Work item
Copy, word for word, the opening line of the data and each line after it until the line that contains "avg(total) = 3069.98", which is included. Leave the pictures out.

[Records excerpted from a collection]
##############################

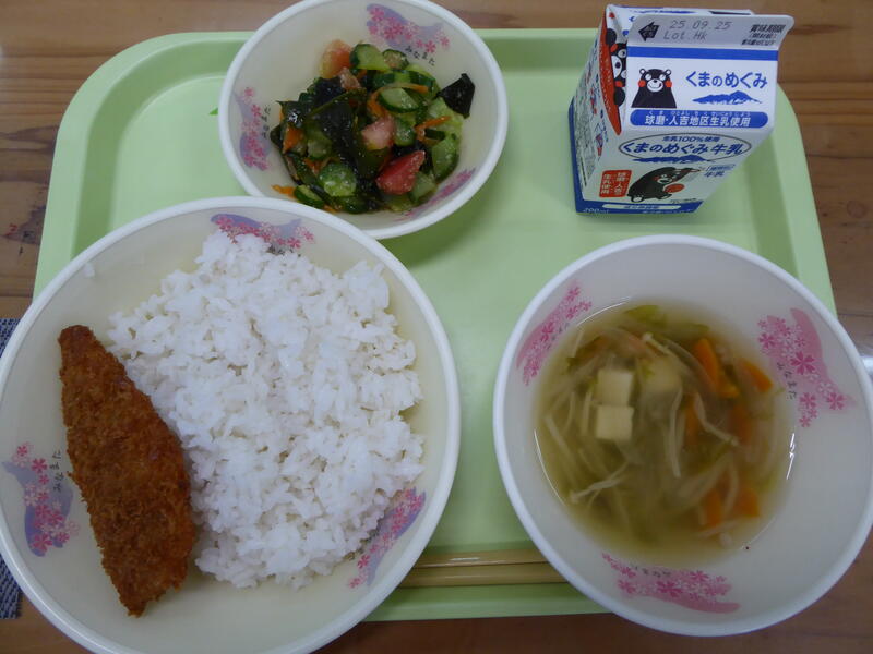 9月11日(木)は湯出小学校のリクエスト給食で、夏が旬の食材を使った和食メニューを考えました。メニューはあおさ汁、きゅうりとトマトの酢の物、アジフライ、麦ごはん、牛乳でした。夏野菜のきゅうりやトマトには体温を下げる働きがあります。日中は気温が高く、まだまだ暑い日が続きます。バランスよく食べて、二学期も元気いっぱいすごしてほしいです。
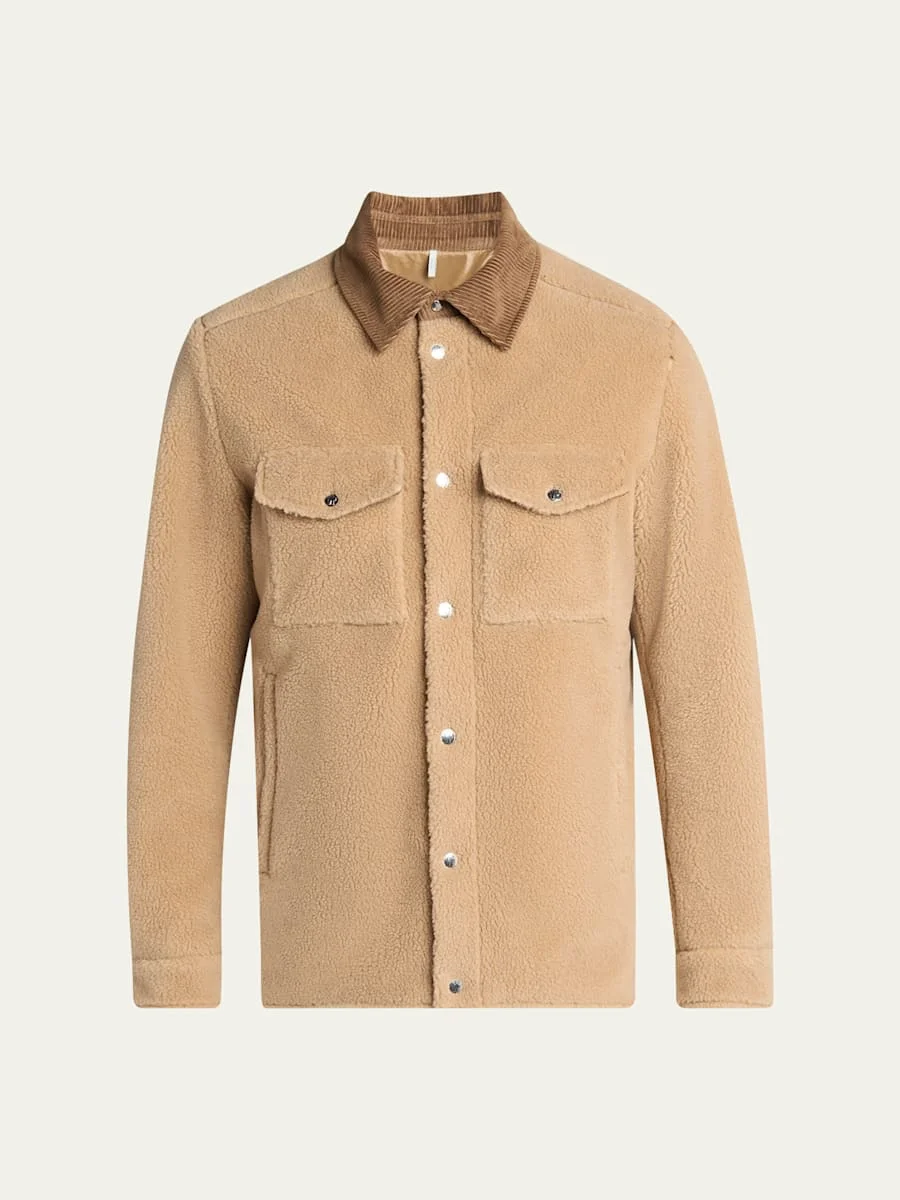 Men's Corduroy-Collar Boucle Shirt Jacket
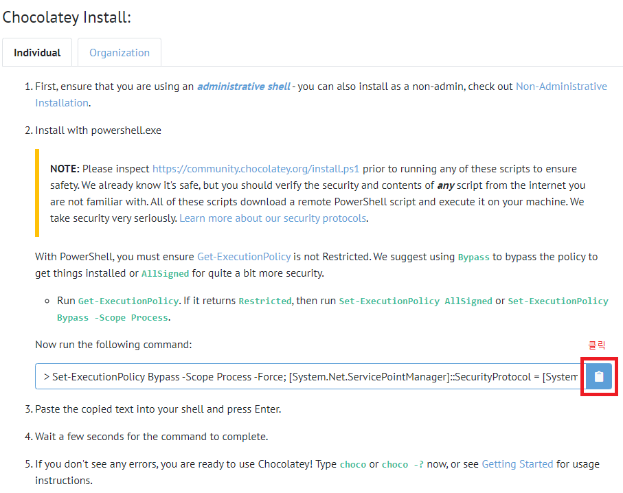 Windows용 패키지 매니저 chocolatey 설치 하기
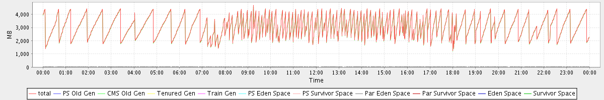 avg(total) = 3069.98 avg(PS Old Gen) = 0.00 avg(CMS Old Gen) = 3049.21 avg(Tenured Gen) = 0.00 avg(Train Gen) = 0.00 avg(PS Eden Space) = 0.00 avg(PS Survivor Space) = 0.00 avg(Par Eden Space) = 20.77 avg(Par Survivor Space) = 0.00 avg(Eden Space) = 0.00 avg(Survivor Space) = 0.00
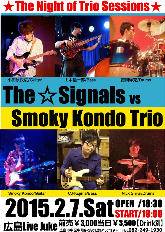 | 新春JAZZ FUSIONの乱 2015 2 mile ash @ Juke 野村彰浩(p.f.)山本優一郎(Bass)貞永聖文(Dr&SAMPLES) Open 19:30 Start 20:00 2000円(ドリンク別) |
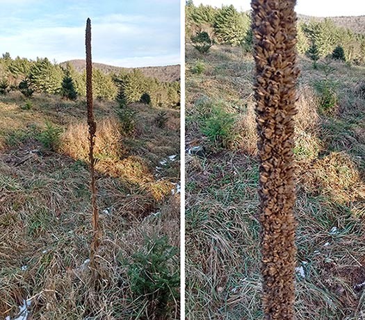 Spotted on a Christmas tree farm, it’s taller than many of the young trees and still standing straight in late November. What is this plant?
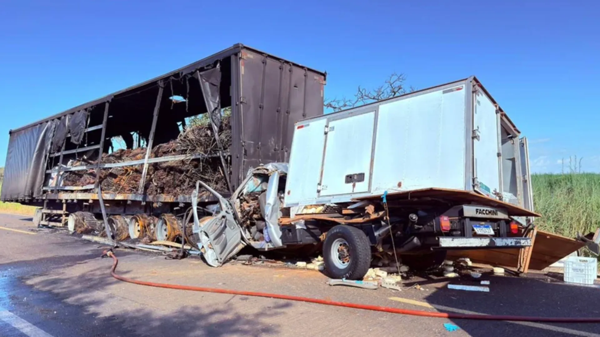 Pai e filho morrem após colisão com caminhão em chamas
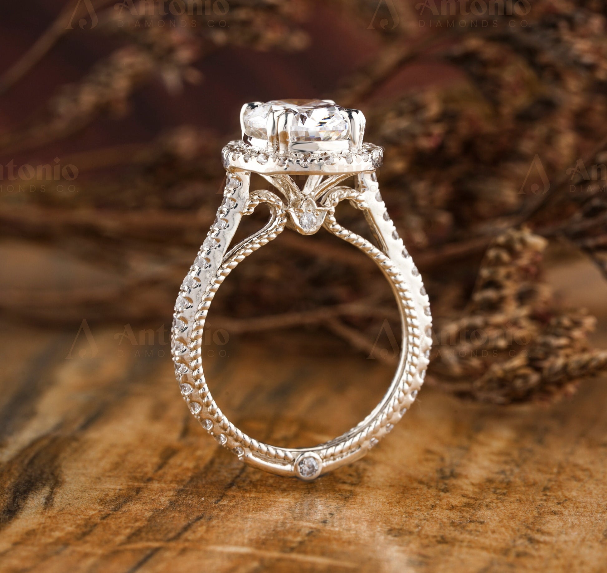 Unique Halo Oval Diamond Party Wear Ring
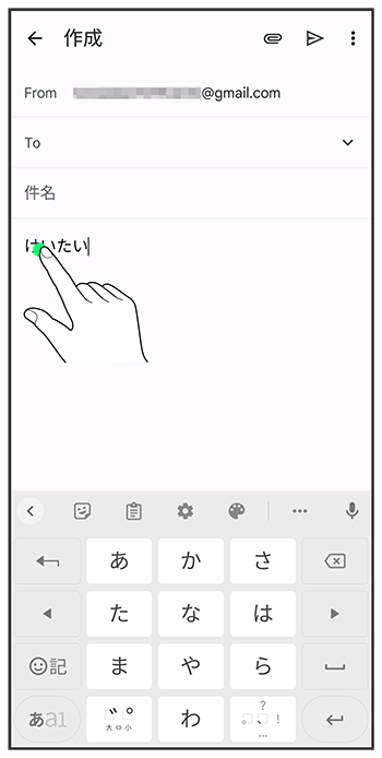 入力済みの文字をロングタッチ
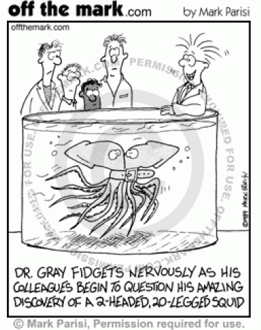 Colleagues doubt scientist's claim of discovering 2-headed squid since it's 2 squids and a belt.
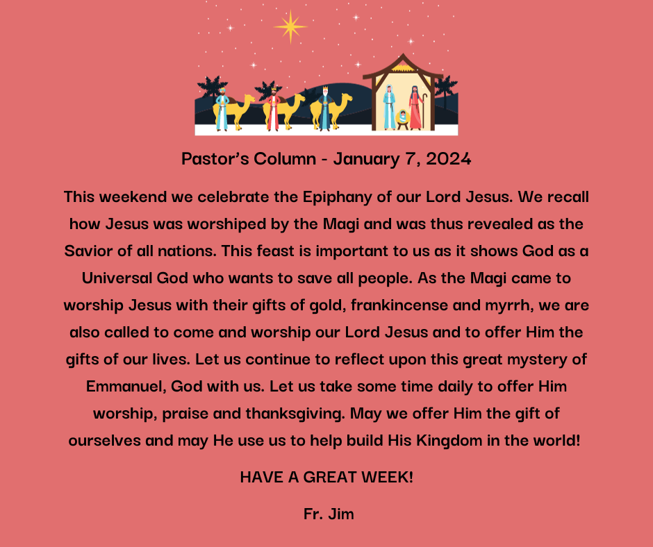 This weekend we celebrate the Epiphany of our Lord Jesus. We recall how Jesus was worshiped by the Magi and was thus revealed as the Savior of all nations. This feast is important to us as it shows God as a Universal God who wants to save all people. As the Magi came to worship Jesus with their gifts of gold, frankincense and myrrh, we are also called to come and worship our Lord Jesus and to offer Him the gifts of our lives. Let us continue to reflect upon this great mystery of Emmanuel, God with us. Let us take some time daily to offer Him worship, praise and thanksgiving. May we offer Him the gift of ourselves and may He use us to help build His Kingdom in the world!
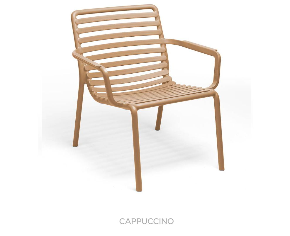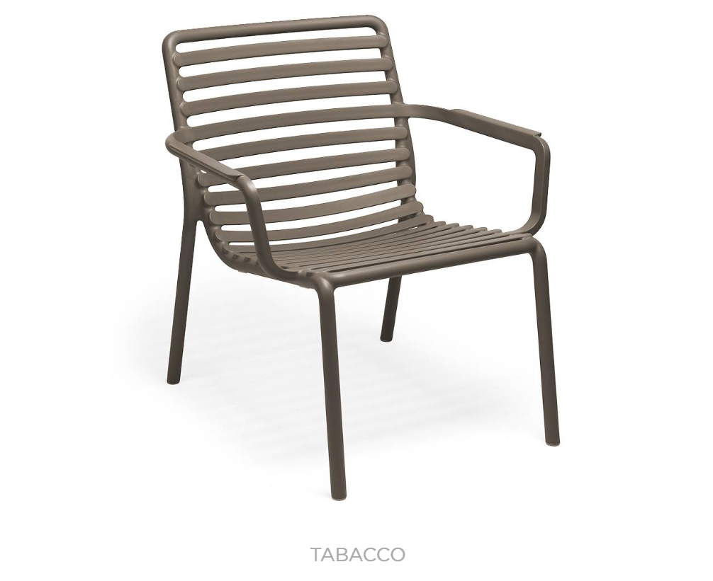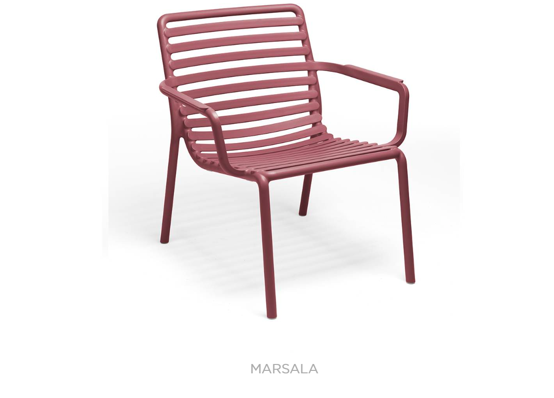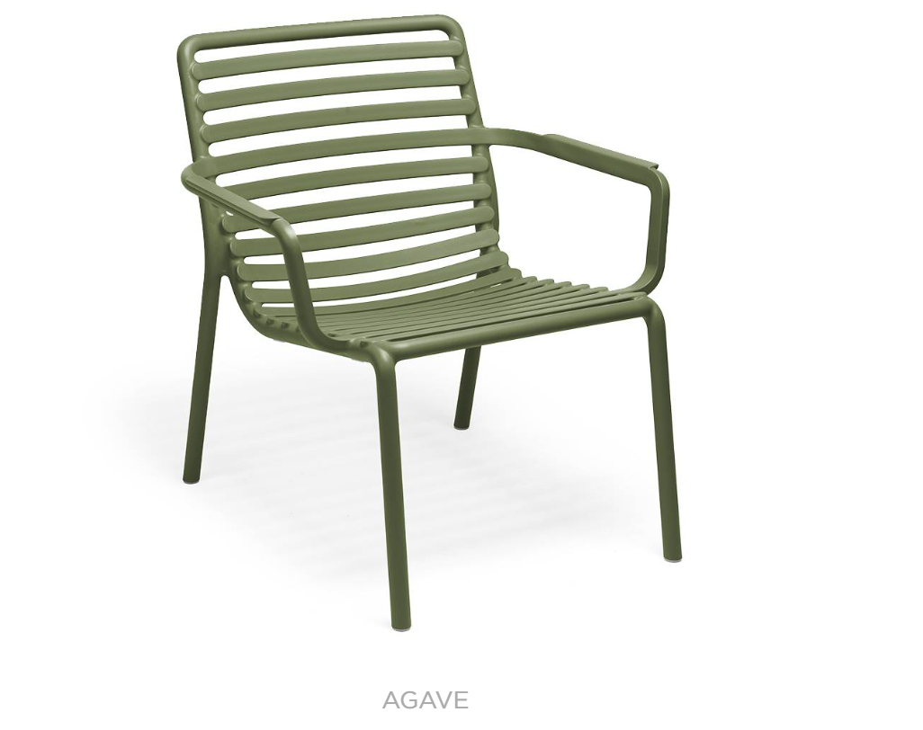 Grand fauteuil bas de détente pour l'extérieur en résine de fibre de verre caractérisé par un jeu de pleins et de vides ponctué d'une séquence de lattes horizontales. Empilable, facilement désinfecté et recyclable.
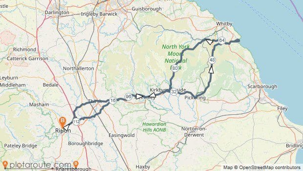 A very challenging route for experienced road cyclists to Robin Hoods Bay, involving over 9000ft of climbing.
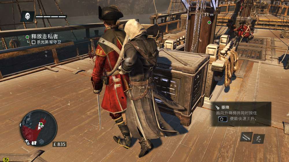 小编技术比较次,才刺杀到第二个守卫就被发现了,结果陷入了和半甲板英军的大混战中。清理完甲板上的守卫后,主角又被从船舱里冲出的英军包围。20/35

##############################

Solution
 9月11日(木)は湯出小学校のリクエスト給食で、夏が旬の食材を使った和食メニューを考えました。メニューはあおさ汁、きゅうりとトマトの酢の物、アジフライ、麦ごはん、牛乳でした。夏野菜のきゅうりやトマトには体温を下げる働きがあります。日中は気温が高く、まだまだ暑い日が続きます。バランスよく食べて、二学期も元気いっぱいすごしてほしいです。
 Men's Corduroy-Collar Boucle Shirt Jacket
 Windows용 패키지 매니저 chocolatey 설치 하기
 avg(total) = 3069.98 avg(PS Old Gen) = 0.00 avg(CMS Old Gen) = 3049.21 avg(Tenured Gen) = 0.00 avg(Train Gen) = 0.00 avg(PS Eden Space) = 0.00 avg(PS Survivor Space) = 0.00 avg(Par Eden Space) = 20.77 avg(Par Survivor Space) = 0.00 avg(Eden Space) = 0.00 avg(Survivor Space) = 0.00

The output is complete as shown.